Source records
*** Begin section ***

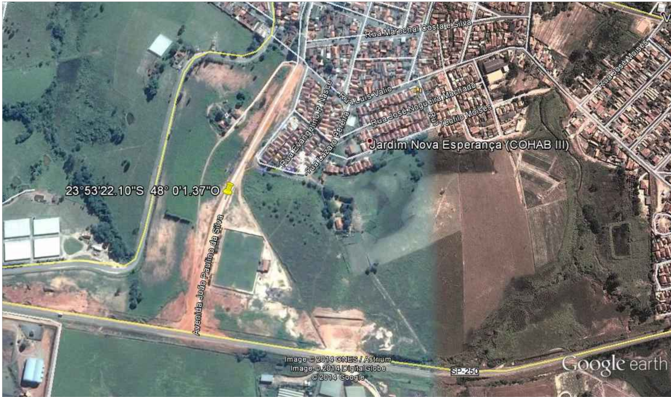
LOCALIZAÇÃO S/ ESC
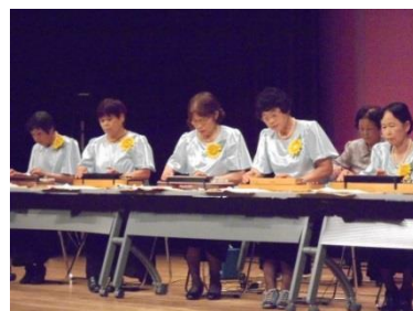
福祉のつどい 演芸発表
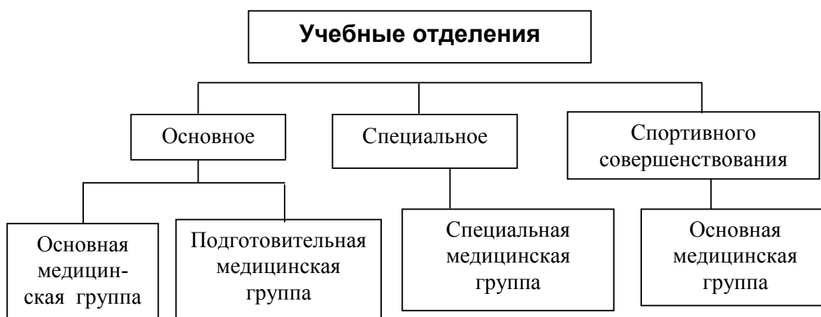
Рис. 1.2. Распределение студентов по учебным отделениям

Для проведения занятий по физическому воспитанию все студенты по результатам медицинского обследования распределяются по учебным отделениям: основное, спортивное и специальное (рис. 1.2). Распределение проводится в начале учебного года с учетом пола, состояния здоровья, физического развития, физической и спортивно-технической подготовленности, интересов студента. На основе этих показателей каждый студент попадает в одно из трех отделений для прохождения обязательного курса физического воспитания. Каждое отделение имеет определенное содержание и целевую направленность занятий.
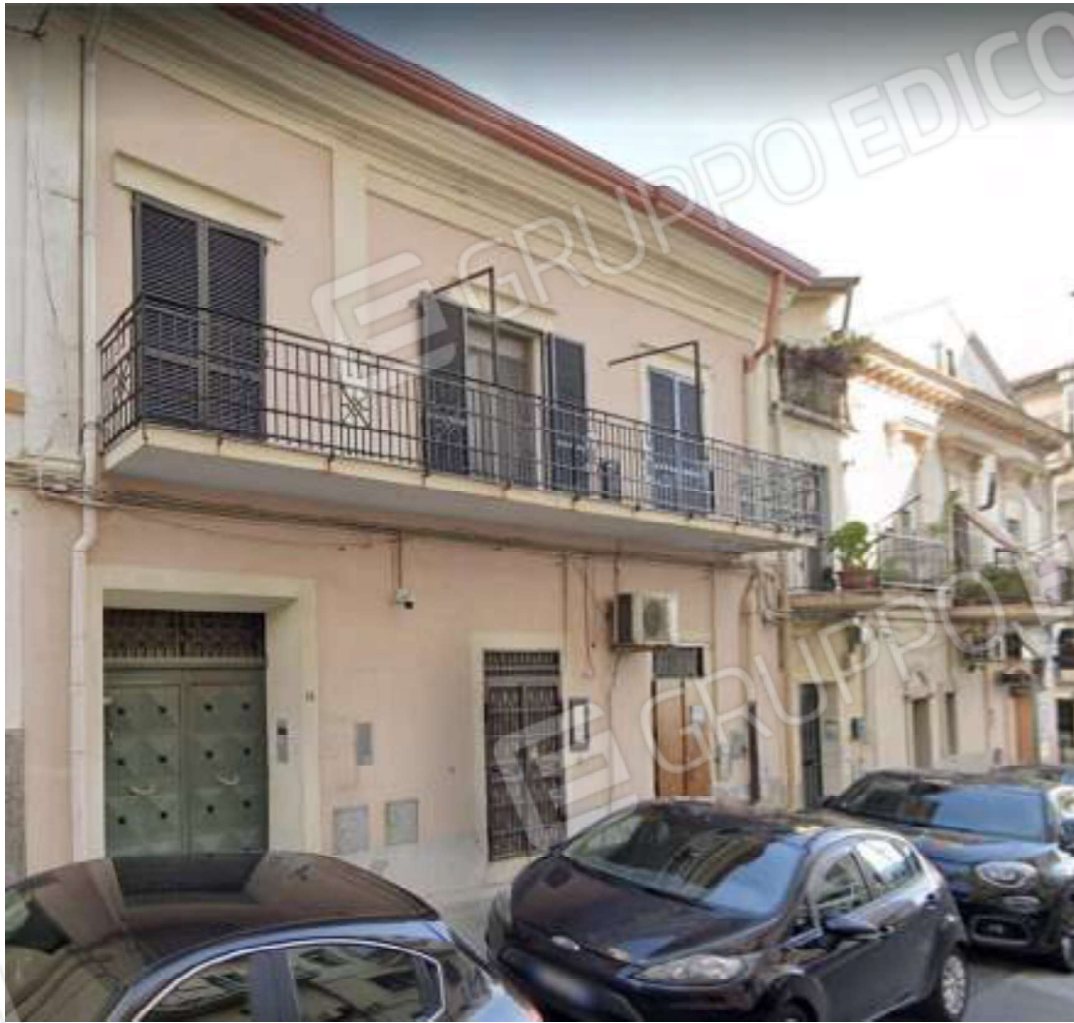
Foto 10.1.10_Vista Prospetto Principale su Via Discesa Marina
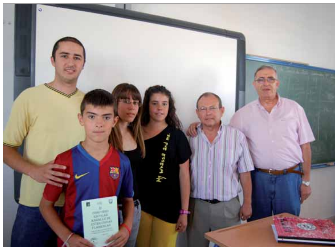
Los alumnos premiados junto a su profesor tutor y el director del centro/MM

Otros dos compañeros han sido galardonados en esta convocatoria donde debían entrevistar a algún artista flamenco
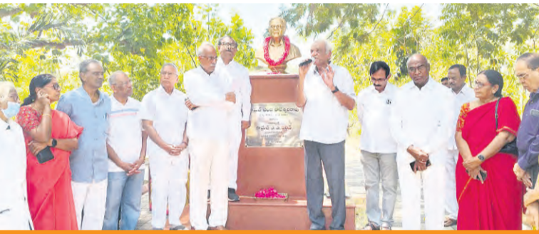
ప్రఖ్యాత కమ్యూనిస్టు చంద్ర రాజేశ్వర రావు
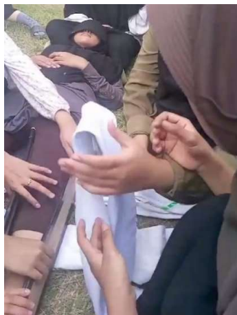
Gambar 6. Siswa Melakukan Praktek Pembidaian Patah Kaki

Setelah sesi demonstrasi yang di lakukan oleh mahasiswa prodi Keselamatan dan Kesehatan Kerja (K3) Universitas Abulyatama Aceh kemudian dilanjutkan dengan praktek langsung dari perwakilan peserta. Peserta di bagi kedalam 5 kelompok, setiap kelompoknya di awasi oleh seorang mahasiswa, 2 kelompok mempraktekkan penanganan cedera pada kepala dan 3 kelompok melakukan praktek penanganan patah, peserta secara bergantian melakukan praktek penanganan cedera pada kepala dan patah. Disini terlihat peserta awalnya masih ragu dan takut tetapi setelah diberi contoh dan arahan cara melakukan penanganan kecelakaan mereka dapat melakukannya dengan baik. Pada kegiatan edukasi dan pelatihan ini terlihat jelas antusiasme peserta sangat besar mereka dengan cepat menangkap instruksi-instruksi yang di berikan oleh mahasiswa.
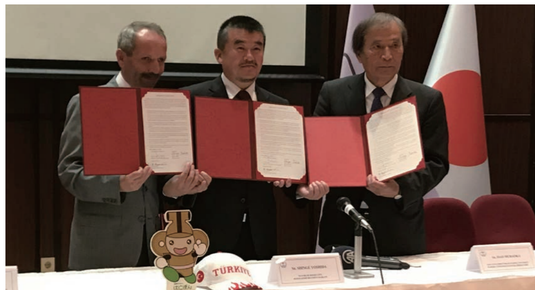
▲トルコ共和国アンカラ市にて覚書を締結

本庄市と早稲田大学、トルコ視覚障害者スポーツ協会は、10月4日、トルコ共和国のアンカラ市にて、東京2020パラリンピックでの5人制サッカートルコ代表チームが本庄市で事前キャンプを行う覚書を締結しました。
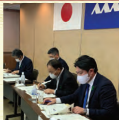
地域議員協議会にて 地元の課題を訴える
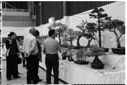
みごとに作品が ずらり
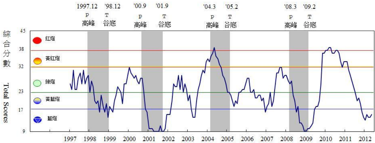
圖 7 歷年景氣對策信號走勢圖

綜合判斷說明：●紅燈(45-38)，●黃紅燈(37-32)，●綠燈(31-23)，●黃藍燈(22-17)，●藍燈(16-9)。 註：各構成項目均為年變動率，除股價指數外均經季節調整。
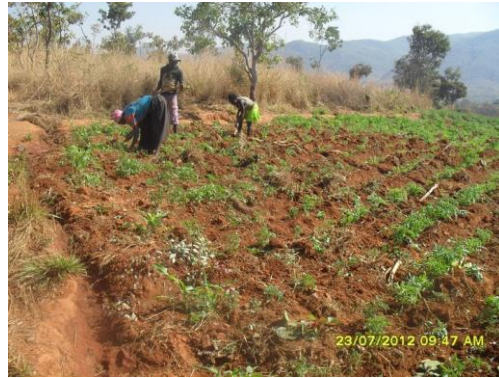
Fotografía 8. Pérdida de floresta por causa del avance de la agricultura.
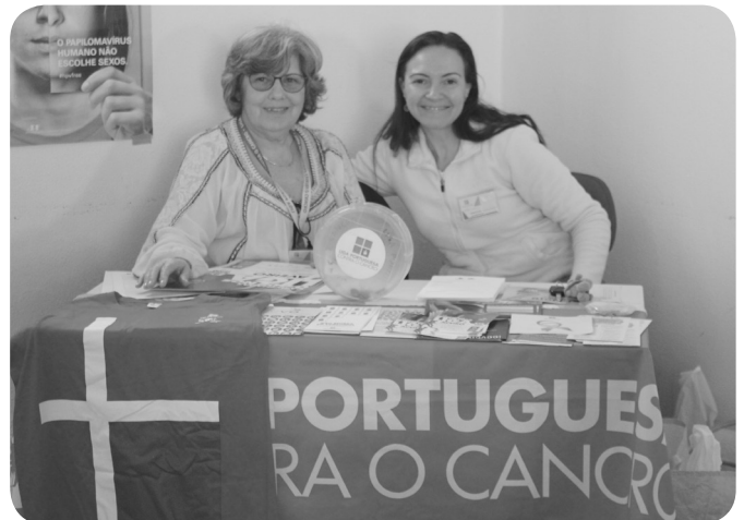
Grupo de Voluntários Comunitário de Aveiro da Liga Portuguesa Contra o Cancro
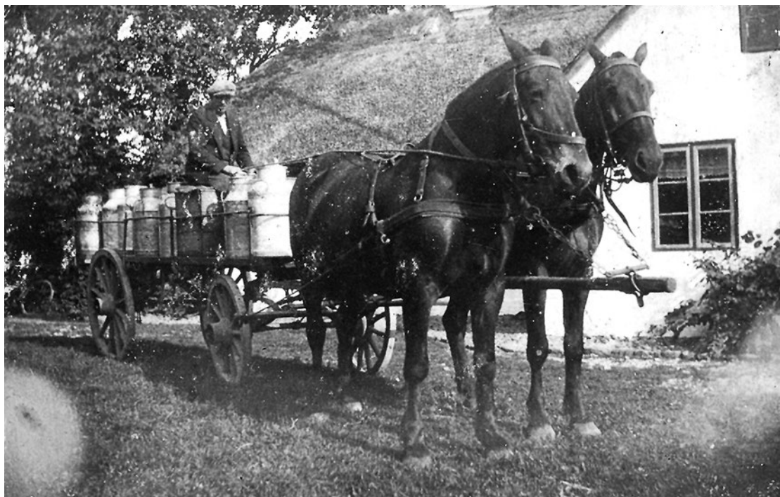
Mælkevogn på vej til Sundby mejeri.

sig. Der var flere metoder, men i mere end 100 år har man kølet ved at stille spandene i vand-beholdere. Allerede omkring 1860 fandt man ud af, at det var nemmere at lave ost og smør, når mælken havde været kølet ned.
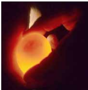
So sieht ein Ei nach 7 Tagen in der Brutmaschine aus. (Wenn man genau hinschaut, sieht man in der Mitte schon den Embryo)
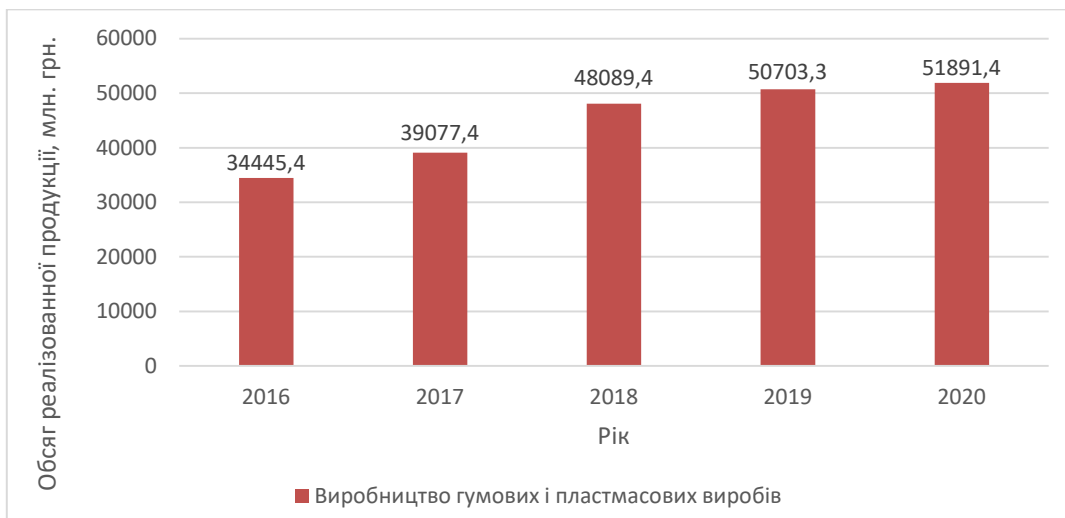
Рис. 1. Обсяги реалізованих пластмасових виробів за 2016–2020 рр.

*** End section ***

Directions for this task:
Reproduce nothing but the lines that run from the line containing "綜合判斷說明：●紅燈(45-38)，●黃" through the last line of the records, inclusive. Omit the pictures.

Exercise answer:
綜合判斷說明：●紅燈(45-38)，●黃紅燈(37-32)，●綠燈(31-23)，●黃藍燈(22-17)，●藍燈(16-9)。 註：各構成項目均為年變動率，除股價指數外均經季節調整。
Fotografía 8. Pérdida de floresta por causa del avance de la agricultura.
Grupo de Voluntários Comunitário de Aveiro da Liga Portuguesa Contra o Cancro
Mælkevogn på vej til Sundby mejeri.

sig. Der var flere metoder, men i mere end 100 år har man kølet ved at stille spandene i vand-beholdere. Allerede omkring 1860 fandt man ud af, at det var nemmere at lave ost og smør, når mælken havde været kølet ned.
So sieht ein Ei nach 7 Tagen in der Brutmaschine aus. (Wenn man genau hinschaut, sieht man in der Mitte schon den Embryo)
Рис. 1. Обсяги реалізованих пластмасових виробів за 2016–2020 рр.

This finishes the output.